Witam po bardzo długiej przerwie, to prawie miesiąc! Niestety upłynął on pod znakiem jednego wielkiego szpitala w domu....kolejna angina starszego syna, zapalenie ucha...jakaś wstrętna wirusówka u młodszego, mąż też płuc mało co nie wypluł no a ja biedny żuczek zapalenie zatok po świeżo co skończonym zapaleniu gardła...bleeee, fuj a sio choróbska!
Dzisiaj punktualnie skoro świt pani koparka powiedziała nam Dzień dobry! Firma zapunktowała, pierwszy dzień pracy i żadnej obsuwy ;) budowa została ogrodzona, odkupiliśmy od sąsiadów garaż blaszany za jakieś śmieszne pieniądze i panowie mają gdzie pochować jakieś drobiazgi a o ochronie przed wiatrem nie wspomnę :) Jeszcze ta pogoda! no idealnie na kopanie, mimo że 2 dni wcześniej padało obyło sie bez rewelacji :)

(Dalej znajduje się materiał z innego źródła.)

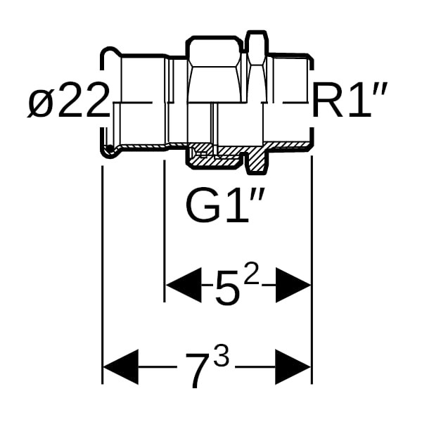 Geberit Übergangsverschraubung Mapress Therm DN 20/25, Durchmesser 22 mm, R 1", G 1", mit Außengewinde

...muszę wrzucić te zdjęcia wkońcu, nic tylko je robię a jakoś nic dodać nie umiem, coś mi z kablem od telefonu nie po drodze, a chyba dodawać tutaj zdjęć przez telegon nie można...
Trzymajcie mocno kciuki jutro walka z prądem którego jeszcze nie działce nie ma, będzie w piątek mianowicie...niestety pewnych rzeczy przeskoczyć się nie da :( mąż właśnie w leroy załatwia agregat...
Pozdrawiamy serdecznie!!!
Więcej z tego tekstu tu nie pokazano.